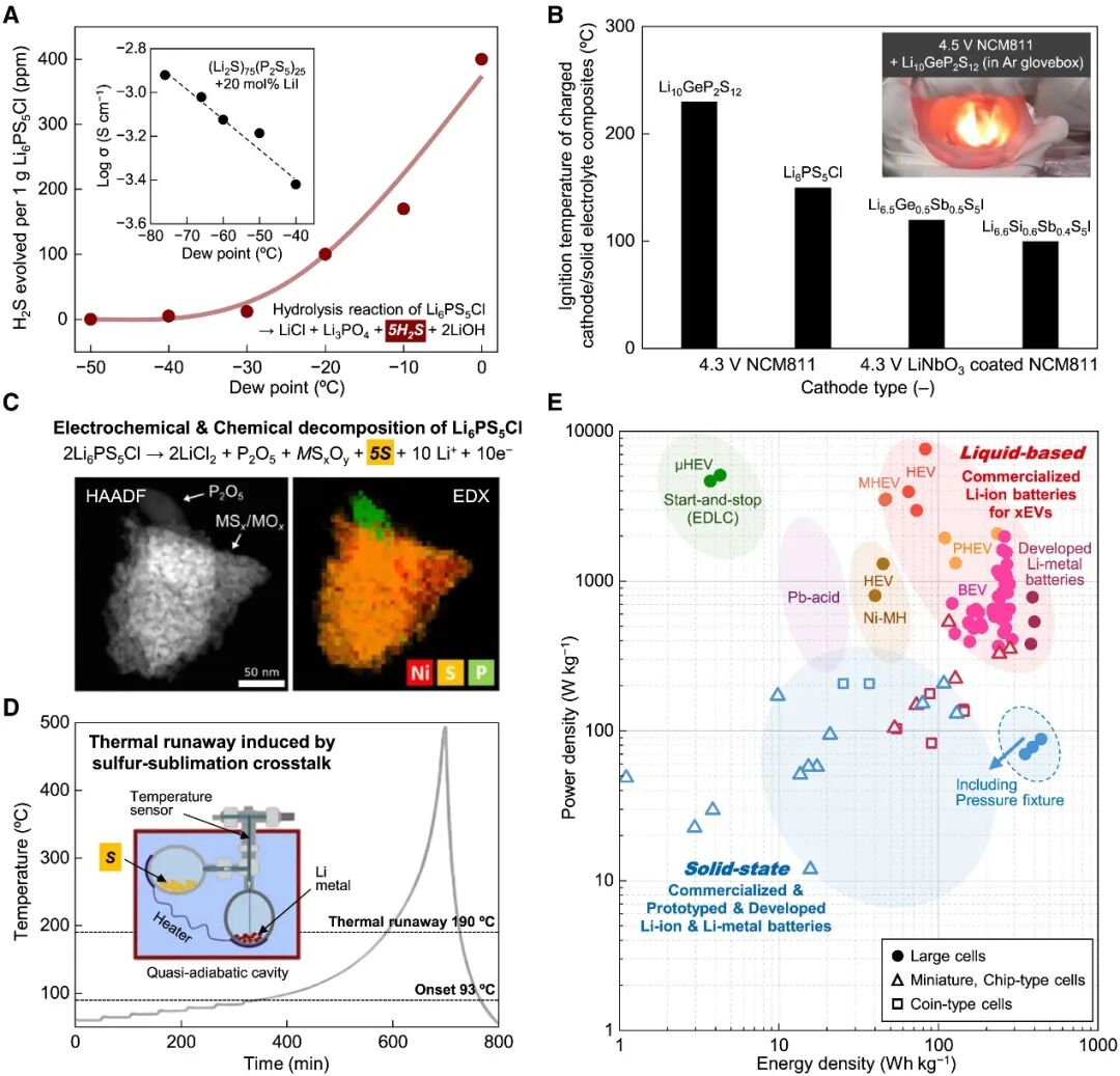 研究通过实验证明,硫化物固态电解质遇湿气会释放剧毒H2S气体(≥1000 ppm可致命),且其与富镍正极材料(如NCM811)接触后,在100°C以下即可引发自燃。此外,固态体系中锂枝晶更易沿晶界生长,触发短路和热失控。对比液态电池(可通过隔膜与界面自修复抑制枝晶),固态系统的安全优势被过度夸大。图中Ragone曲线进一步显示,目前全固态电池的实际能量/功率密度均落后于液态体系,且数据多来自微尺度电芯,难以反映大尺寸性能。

* * *

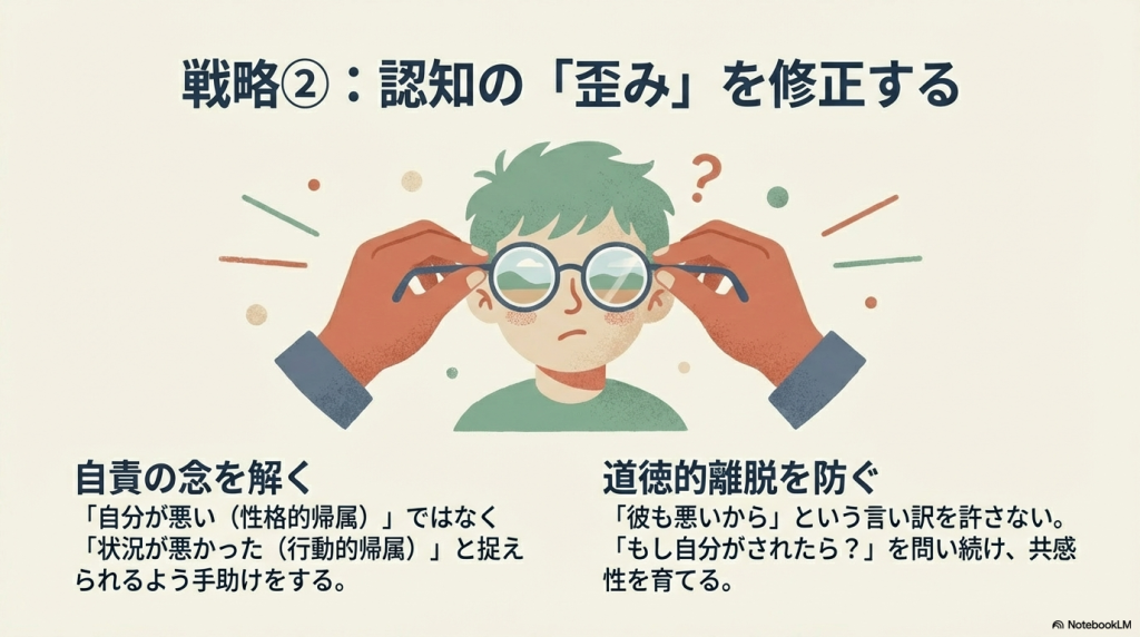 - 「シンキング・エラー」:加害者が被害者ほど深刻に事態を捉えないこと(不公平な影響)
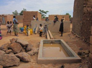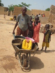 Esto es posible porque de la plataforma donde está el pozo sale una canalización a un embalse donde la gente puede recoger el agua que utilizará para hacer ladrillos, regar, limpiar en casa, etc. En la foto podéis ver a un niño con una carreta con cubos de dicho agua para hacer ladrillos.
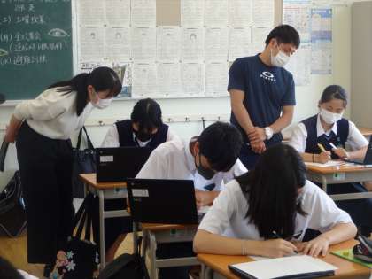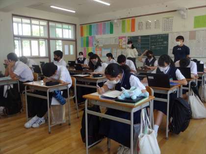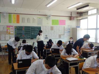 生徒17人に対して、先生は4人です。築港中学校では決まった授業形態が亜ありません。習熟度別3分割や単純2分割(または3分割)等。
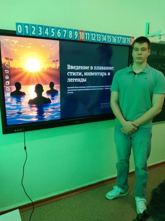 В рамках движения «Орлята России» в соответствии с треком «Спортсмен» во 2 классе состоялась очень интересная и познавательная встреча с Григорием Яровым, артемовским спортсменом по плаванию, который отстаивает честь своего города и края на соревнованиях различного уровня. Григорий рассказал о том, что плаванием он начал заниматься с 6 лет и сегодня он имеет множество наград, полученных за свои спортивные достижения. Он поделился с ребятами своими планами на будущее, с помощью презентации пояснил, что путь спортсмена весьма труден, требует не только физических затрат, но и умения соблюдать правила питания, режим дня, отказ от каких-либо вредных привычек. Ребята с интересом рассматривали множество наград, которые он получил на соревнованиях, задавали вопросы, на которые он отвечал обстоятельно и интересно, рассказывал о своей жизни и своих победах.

---

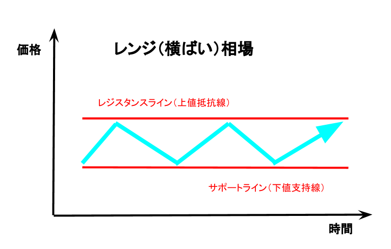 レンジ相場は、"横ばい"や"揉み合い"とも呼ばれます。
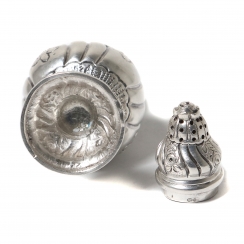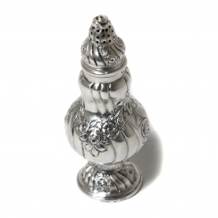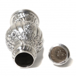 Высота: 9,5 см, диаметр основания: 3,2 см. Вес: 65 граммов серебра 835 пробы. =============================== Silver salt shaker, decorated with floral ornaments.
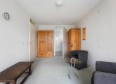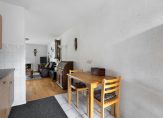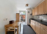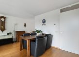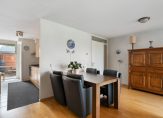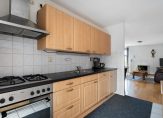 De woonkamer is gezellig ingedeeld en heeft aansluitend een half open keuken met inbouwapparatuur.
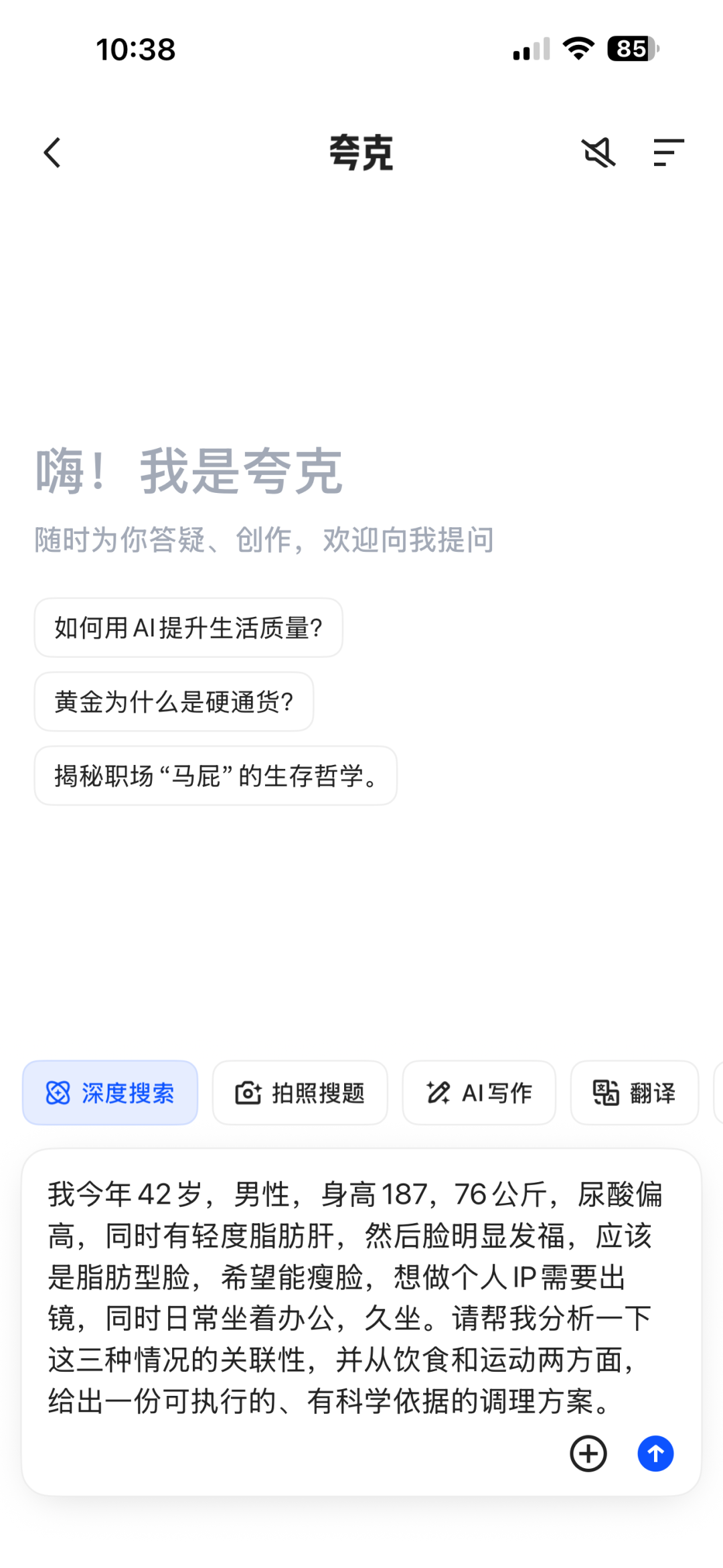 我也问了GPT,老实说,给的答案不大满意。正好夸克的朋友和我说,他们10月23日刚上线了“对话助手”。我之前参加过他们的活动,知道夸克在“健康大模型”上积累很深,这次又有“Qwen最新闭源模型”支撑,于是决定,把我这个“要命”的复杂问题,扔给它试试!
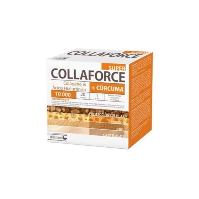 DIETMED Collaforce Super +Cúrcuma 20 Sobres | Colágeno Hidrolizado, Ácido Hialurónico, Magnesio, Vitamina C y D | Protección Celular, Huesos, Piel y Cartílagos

=== Problem statement ===
"生徒17人に対して、先生は4" marks the first line to copy, and "В рамках движения" marks the last. Repeat that stretch above exactly, with no pictures.

=== Task answer ===
 生徒17人に対して、先生は4人です。築港中学校では決まった授業形態が亜ありません。習熟度別3分割や単純2分割(または3分割)等。
 В рамках движения «Орлята России» в соответствии с треком «Спортсмен» во 2 классе состоялась очень интересная и познавательная встреча с Григорием Яровым, артемовским спортсменом по плаванию, который отстаивает честь своего города и края на соревнованиях различного уровня. Григорий рассказал о том, что плаванием он начал заниматься с 6 лет и сегодня он имеет множество наград, полученных за свои спортивные достижения. Он поделился с ребятами своими планами на будущее, с помощью презентации пояснил, что путь спортсмена весьма труден, требует не только физических затрат, но и умения соблюдать правила питания, режим дня, отказ от каких-либо вредных привычек. Ребята с интересом рассматривали множество наград, которые он получил на соревнованиях, задавали вопросы, на которые он отвечал обстоятельно и интересно, рассказывал о своей жизни и своих победах.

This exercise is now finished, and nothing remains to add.